The following data has a line with "Wilson Nyabong Ijang" and a line with "プロクソン(PROXXON) ミニルーター 回転数が調節可能". Write out exactly those lines and all the lines between them.

■ **Data in this exercise**:
-*-*-

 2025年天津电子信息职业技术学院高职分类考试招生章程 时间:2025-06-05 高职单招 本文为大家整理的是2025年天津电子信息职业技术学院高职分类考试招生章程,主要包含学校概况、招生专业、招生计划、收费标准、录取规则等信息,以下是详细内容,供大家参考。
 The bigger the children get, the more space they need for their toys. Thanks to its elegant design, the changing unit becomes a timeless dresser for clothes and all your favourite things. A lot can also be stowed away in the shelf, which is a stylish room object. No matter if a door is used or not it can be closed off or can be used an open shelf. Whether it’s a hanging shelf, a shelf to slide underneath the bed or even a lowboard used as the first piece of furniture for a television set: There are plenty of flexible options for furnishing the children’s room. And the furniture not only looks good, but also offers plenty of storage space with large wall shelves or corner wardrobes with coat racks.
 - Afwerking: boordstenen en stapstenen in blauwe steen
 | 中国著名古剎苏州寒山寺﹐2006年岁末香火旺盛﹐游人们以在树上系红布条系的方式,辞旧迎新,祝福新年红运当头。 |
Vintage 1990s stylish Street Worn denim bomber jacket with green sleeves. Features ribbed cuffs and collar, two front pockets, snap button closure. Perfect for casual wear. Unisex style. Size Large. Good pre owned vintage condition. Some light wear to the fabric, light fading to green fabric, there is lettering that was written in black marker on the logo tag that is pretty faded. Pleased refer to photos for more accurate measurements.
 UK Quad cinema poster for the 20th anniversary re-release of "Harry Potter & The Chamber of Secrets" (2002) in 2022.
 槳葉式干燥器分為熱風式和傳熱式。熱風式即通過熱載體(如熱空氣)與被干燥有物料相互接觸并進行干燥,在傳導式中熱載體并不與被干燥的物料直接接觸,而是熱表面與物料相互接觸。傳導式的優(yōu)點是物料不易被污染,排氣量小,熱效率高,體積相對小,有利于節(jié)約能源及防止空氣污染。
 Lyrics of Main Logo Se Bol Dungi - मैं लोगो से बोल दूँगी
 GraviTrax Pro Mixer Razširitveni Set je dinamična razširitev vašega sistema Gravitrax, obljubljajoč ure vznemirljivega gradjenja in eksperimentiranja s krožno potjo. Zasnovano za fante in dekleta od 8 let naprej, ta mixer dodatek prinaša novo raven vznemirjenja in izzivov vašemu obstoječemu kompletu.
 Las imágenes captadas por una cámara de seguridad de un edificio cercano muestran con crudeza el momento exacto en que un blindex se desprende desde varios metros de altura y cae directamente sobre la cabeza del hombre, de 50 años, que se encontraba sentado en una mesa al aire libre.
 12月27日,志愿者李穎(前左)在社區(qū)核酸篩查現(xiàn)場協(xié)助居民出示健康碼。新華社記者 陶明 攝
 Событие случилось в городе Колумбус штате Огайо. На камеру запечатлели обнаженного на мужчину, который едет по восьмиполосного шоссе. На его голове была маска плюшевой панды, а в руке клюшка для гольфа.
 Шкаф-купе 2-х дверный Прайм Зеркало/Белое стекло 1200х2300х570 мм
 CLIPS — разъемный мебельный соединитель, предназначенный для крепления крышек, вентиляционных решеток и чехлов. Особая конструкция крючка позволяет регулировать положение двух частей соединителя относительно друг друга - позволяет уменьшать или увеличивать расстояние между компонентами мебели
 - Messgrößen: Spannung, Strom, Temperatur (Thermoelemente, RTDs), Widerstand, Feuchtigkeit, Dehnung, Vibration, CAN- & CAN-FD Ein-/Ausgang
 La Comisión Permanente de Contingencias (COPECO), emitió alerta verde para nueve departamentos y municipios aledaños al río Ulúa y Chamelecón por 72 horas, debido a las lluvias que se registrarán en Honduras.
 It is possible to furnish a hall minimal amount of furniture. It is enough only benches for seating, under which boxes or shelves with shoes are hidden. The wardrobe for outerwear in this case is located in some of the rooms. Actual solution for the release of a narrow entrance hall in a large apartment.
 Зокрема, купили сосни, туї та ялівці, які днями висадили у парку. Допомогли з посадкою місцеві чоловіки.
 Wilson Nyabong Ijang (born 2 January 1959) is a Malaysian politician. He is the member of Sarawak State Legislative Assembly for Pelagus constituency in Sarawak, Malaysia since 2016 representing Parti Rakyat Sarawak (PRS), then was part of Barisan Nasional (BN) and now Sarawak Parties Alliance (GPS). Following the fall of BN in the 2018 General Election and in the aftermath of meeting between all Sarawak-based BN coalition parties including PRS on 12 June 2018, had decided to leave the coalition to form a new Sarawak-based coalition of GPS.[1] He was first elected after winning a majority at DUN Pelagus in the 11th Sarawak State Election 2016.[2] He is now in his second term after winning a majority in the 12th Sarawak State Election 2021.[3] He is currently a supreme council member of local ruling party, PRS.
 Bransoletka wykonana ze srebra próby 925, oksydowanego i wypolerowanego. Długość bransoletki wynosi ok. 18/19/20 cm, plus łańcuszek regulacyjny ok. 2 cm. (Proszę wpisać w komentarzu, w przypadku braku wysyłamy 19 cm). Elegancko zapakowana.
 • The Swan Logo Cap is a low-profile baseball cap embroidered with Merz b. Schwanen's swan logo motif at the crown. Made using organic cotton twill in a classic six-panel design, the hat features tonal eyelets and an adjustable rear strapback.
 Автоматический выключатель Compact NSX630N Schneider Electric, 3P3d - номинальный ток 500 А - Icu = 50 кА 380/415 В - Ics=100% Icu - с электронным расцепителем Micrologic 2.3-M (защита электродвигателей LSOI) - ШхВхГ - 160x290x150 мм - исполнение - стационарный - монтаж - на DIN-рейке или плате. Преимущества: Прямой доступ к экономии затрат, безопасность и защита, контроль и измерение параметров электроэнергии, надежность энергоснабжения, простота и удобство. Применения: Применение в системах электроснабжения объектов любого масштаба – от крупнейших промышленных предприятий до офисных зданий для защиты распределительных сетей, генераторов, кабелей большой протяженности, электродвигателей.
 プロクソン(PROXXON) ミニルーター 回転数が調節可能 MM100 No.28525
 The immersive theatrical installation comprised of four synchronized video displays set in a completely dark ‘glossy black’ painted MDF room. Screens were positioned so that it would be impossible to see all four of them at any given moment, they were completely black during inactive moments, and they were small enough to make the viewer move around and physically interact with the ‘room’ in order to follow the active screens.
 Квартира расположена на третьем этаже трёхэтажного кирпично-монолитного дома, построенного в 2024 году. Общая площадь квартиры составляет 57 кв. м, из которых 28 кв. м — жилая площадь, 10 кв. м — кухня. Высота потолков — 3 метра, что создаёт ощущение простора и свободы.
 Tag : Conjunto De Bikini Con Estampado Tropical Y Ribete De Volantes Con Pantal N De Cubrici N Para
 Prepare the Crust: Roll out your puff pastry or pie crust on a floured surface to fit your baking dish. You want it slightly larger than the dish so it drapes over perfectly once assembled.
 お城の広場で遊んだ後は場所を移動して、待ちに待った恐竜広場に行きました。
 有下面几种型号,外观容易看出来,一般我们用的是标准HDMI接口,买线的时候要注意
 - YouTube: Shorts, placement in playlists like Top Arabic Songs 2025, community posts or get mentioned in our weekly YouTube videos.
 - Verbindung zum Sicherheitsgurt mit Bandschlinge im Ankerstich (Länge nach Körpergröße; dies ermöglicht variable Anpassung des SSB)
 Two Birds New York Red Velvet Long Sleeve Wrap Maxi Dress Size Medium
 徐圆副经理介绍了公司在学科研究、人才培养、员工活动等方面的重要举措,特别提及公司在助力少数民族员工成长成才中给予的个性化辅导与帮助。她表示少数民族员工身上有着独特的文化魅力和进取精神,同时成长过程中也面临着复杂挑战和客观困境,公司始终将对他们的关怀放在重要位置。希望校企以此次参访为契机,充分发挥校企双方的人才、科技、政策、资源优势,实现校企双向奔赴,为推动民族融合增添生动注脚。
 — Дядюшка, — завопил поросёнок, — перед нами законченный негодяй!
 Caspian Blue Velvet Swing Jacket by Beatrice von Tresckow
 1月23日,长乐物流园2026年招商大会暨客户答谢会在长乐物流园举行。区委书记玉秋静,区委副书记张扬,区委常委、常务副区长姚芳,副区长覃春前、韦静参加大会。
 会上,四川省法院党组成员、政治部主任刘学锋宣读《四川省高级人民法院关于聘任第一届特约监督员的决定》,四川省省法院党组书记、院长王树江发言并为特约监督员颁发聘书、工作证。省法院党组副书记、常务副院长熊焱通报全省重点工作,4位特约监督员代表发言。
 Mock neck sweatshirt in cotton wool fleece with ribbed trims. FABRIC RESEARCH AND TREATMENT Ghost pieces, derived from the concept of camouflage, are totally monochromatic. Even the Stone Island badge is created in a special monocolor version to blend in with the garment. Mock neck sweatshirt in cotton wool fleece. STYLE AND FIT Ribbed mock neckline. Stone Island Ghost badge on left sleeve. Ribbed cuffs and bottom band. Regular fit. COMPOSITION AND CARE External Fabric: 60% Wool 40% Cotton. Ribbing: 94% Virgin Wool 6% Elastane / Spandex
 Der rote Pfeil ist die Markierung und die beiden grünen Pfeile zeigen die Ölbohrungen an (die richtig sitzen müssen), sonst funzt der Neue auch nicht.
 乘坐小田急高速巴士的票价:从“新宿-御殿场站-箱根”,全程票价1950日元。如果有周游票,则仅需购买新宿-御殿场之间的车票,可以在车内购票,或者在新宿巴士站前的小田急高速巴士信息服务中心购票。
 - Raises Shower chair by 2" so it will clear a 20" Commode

-*-*-

■ **Exercise answer**:
 Wilson Nyabong Ijang (born 2 January 1959) is a Malaysian politician. He is the member of Sarawak State Legislative Assembly for Pelagus constituency in Sarawak, Malaysia since 2016 representing Parti Rakyat Sarawak (PRS), then was part of Barisan Nasional (BN) and now Sarawak Parties Alliance (GPS). Following the fall of BN in the 2018 General Election and in the aftermath of meeting between all Sarawak-based BN coalition parties including PRS on 12 June 2018, had decided to leave the coalition to form a new Sarawak-based coalition of GPS.[1] He was first elected after winning a majority at DUN Pelagus in the 11th Sarawak State Election 2016.[2] He is now in his second term after winning a majority in the 12th Sarawak State Election 2021.[3] He is currently a supreme council member of local ruling party, PRS.
 Bransoletka wykonana ze srebra próby 925, oksydowanego i wypolerowanego. Długość bransoletki wynosi ok. 18/19/20 cm, plus łańcuszek regulacyjny ok. 2 cm. (Proszę wpisać w komentarzu, w przypadku braku wysyłamy 19 cm). Elegancko zapakowana.
 • The Swan Logo Cap is a low-profile baseball cap embroidered with Merz b. Schwanen's swan logo motif at the crown. Made using organic cotton twill in a classic six-panel design, the hat features tonal eyelets and an adjustable rear strapback.
 Автоматический выключатель Compact NSX630N Schneider Electric, 3P3d - номинальный ток 500 А - Icu = 50 кА 380/415 В - Ics=100% Icu - с электронным расцепителем Micrologic 2.3-M (защита электродвигателей LSOI) - ШхВхГ - 160x290x150 мм - исполнение - стационарный - монтаж - на DIN-рейке или плате. Преимущества: Прямой доступ к экономии затрат, безопасность и защита, контроль и измерение параметров электроэнергии, надежность энергоснабжения, простота и удобство. Применения: Применение в системах электроснабжения объектов любого масштаба – от крупнейших промышленных предприятий до офисных зданий для защиты распределительных сетей, генераторов, кабелей большой протяженности, электродвигателей.
 プロクソン(PROXXON) ミニルーター 回転数が調節可能 MM100 No.28525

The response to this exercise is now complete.